● **Exercise instructions**
Word for word, restate the lines from the one containing "Neon Digital Landscape" through the last line of the material, and include no pictures.

● **Data supplied**

· · ·

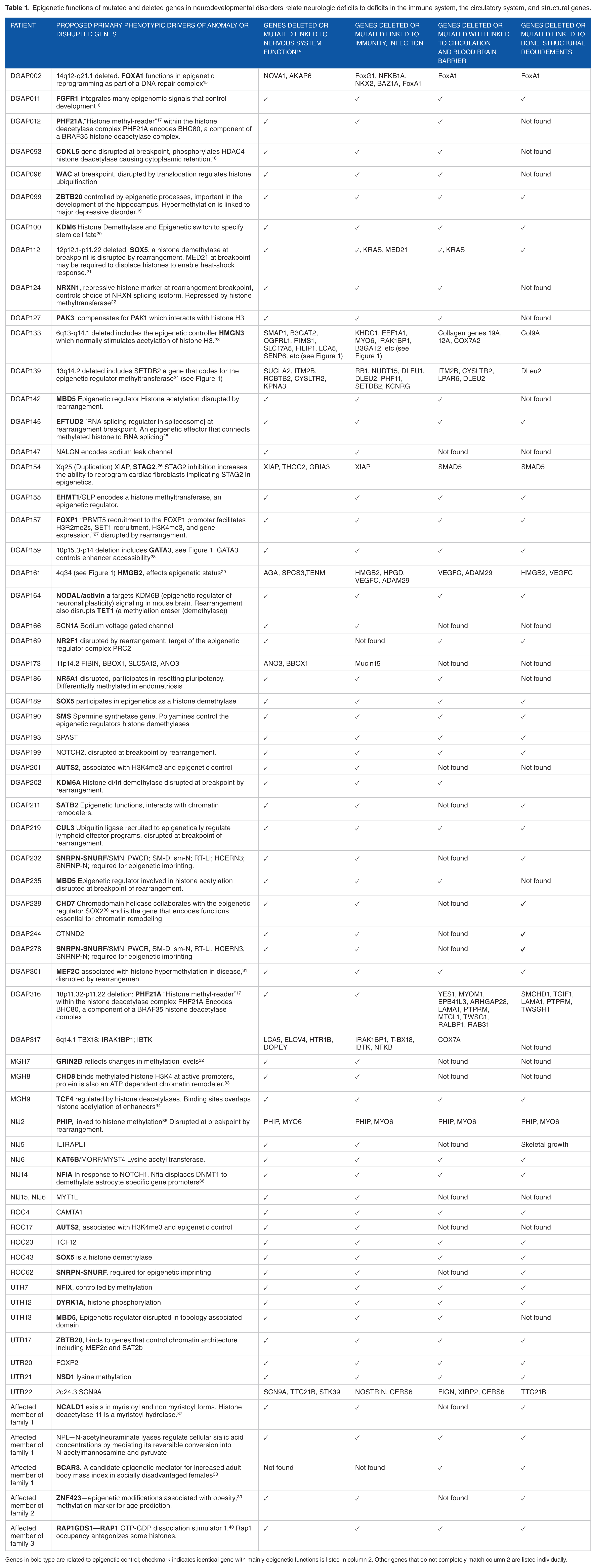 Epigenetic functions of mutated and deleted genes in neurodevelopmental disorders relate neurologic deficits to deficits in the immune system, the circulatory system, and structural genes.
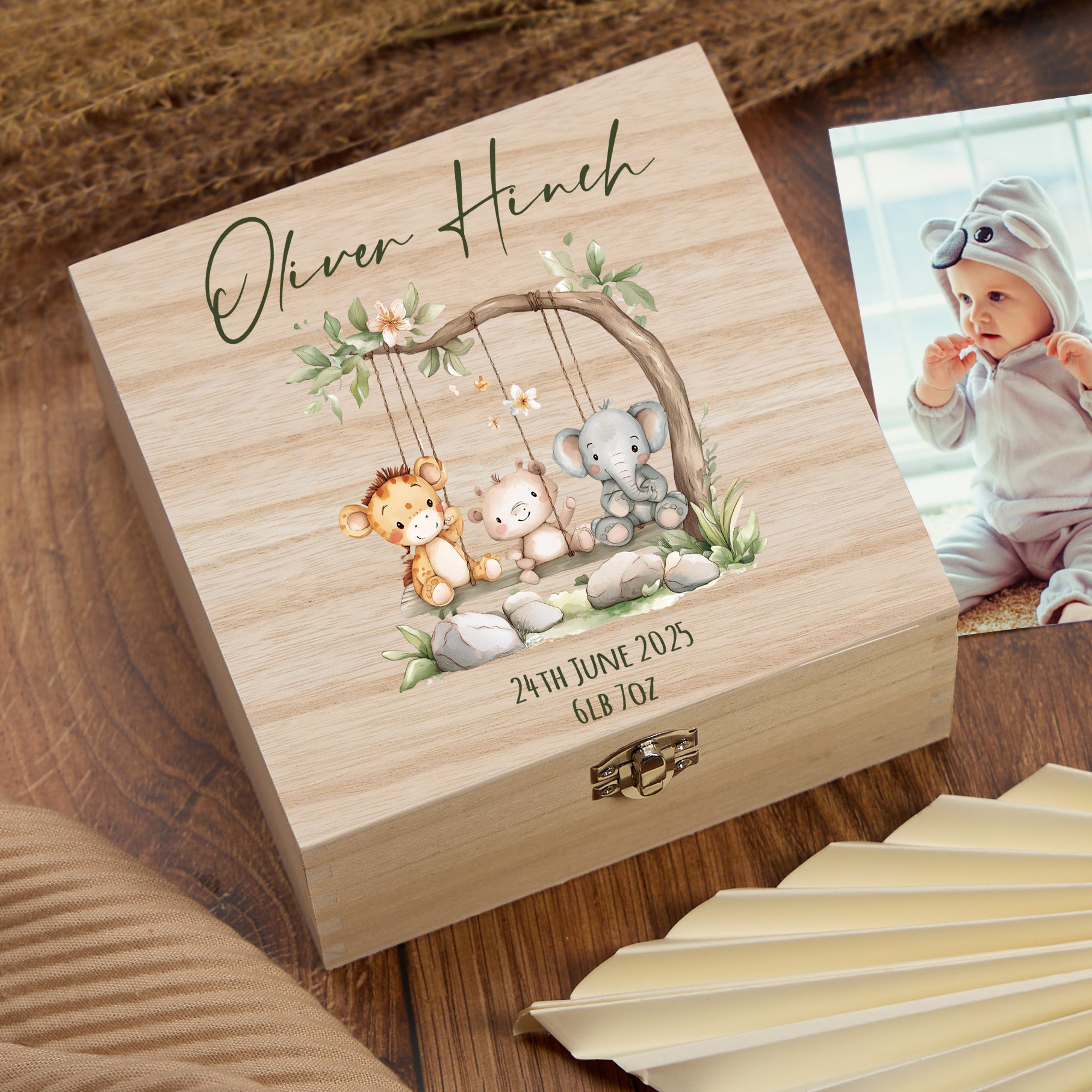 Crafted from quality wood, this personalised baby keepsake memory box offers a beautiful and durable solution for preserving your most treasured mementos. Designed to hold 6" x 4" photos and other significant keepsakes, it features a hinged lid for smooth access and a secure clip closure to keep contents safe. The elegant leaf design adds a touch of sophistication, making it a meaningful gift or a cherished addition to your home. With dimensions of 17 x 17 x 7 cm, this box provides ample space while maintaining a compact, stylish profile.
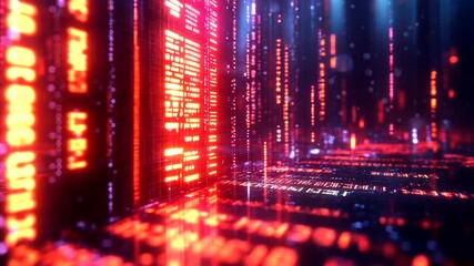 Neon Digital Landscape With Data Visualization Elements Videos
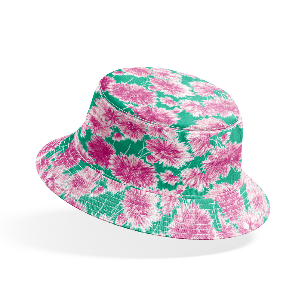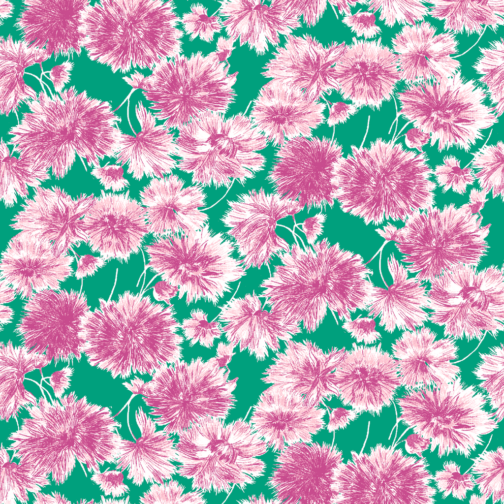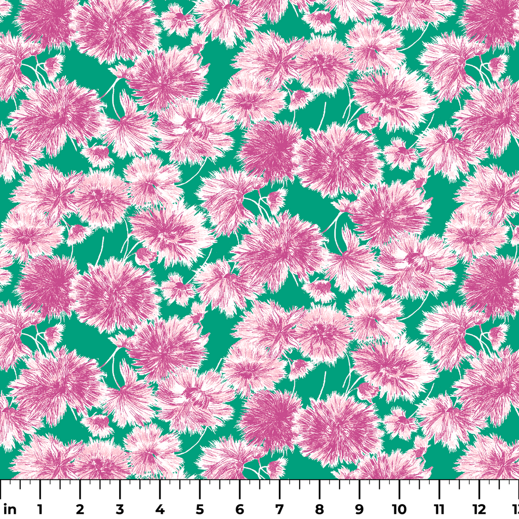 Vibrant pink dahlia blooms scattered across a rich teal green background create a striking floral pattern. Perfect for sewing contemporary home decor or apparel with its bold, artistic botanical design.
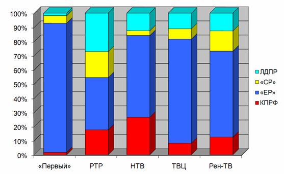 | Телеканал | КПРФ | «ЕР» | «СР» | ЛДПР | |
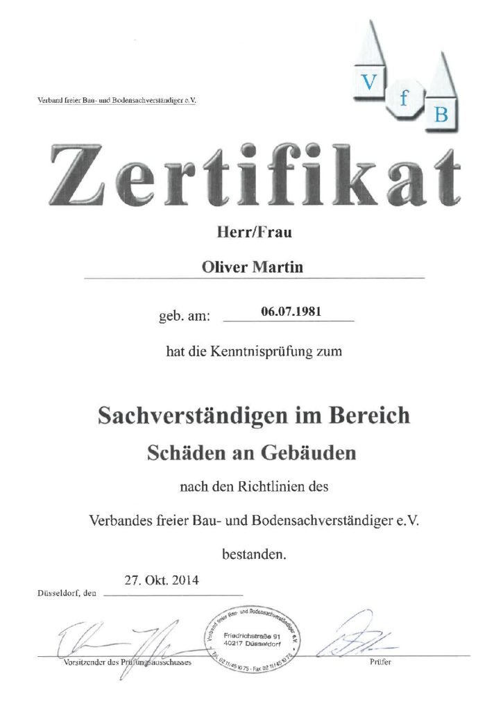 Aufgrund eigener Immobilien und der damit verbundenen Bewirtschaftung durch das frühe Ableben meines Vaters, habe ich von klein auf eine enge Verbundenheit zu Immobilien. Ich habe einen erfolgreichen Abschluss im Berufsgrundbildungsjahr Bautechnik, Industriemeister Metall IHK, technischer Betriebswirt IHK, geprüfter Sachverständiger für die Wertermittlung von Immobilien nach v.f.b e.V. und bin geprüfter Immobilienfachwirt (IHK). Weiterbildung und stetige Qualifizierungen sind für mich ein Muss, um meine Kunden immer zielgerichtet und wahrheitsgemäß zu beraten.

· · ·

● **The completed task**
 Neon Digital Landscape With Data Visualization Elements Videos
 Vibrant pink dahlia blooms scattered across a rich teal green background create a striking floral pattern. Perfect for sewing contemporary home decor or apparel with its bold, artistic botanical design.
 | Телеканал | КПРФ | «ЕР» | «СР» | ЛДПР | |
 Aufgrund eigener Immobilien und der damit verbundenen Bewirtschaftung durch das frühe Ableben meines Vaters, habe ich von klein auf eine enge Verbundenheit zu Immobilien. Ich habe einen erfolgreichen Abschluss im Berufsgrundbildungsjahr Bautechnik, Industriemeister Metall IHK, technischer Betriebswirt IHK, geprüfter Sachverständiger für die Wertermittlung von Immobilien nach v.f.b e.V. und bin geprüfter Immobilienfachwirt (IHK). Weiterbildung und stetige Qualifizierungen sind für mich ein Muss, um meine Kunden immer zielgerichtet und wahrheitsgemäß zu beraten.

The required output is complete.